The skeptic might ask, "what if I won't want to execute every request every time I instantiate an object?" If that is the case, and not every request made in the constructor is used throughout the class, then a red flag should immediately be raised. If only one method is called in very special circumstances, we should think about the cost of having such low cohesion in our classes that has led to requiring "smart clients". In such cases, functionality should be extracted and multiple objects composed out of the larger one which has so many unrelated parts.
Moving next to the singleton usage, we can finally address the real problem: we are abusing Ruby and treating its memoization as a sort of cache for external requests.
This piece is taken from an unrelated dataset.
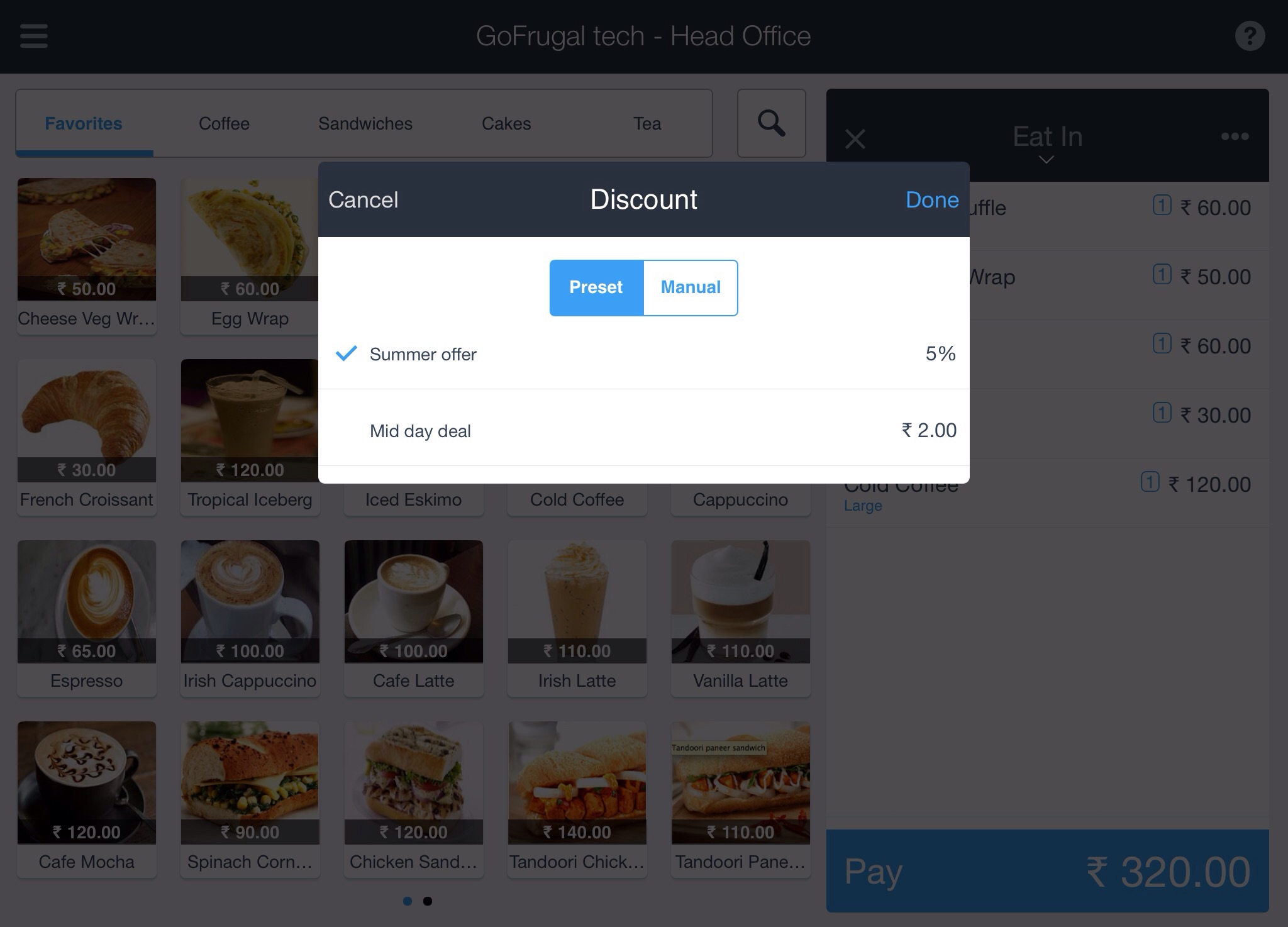 Preset, displays the predefined offers available. Refer > link to create a new discount offerManual, allows to offer discount using Percentage value or amount. The Reason for offering discount can be specified in the Enter reason text box 4. To complete the transaction follow step 6 & 7 from

The easiest solution is to replace the memoized calls on the singleton with external cache fetches on a plain 'ole Ruby objects:
class Pricing
attr_reader :amazon_pricing, :walmart_pricing, :tesco_pricing
def initialize
@amazon_pricing = cache.fetch { HTTPRequest.new(...) }
@walmart_pricing = cache.fetch { HTTPRequest.new(...) }
@tesco_pricing = cache.fetch { HTTPRequest.new(...) }
end
end
"But what about the cost of fetching each value each time we instantiate the Pricing class?"
A round-trip to a key:value store like Redis within your VPC is extremely fast and very unlikely to cause a significant impact on your response times. Moving the calls to an actual cache removes the thundering herd on server recycling and also makes testing so much easier since we are no longer preserving state on the class' singleton between tests.
In Conclusion
There are potentially times where disregarding these rules is useful, but I would avoid these situations unless it was an absolute necessity.
I typically treat memoization for calculations carried across different scopes (e.g. using memoized results within a method, outside of it) to be a code smell. Using memoization in this way typically means I need to reach for something else (a real cache) or reorganize my code to use what Matz gave us for better code organization and reuse.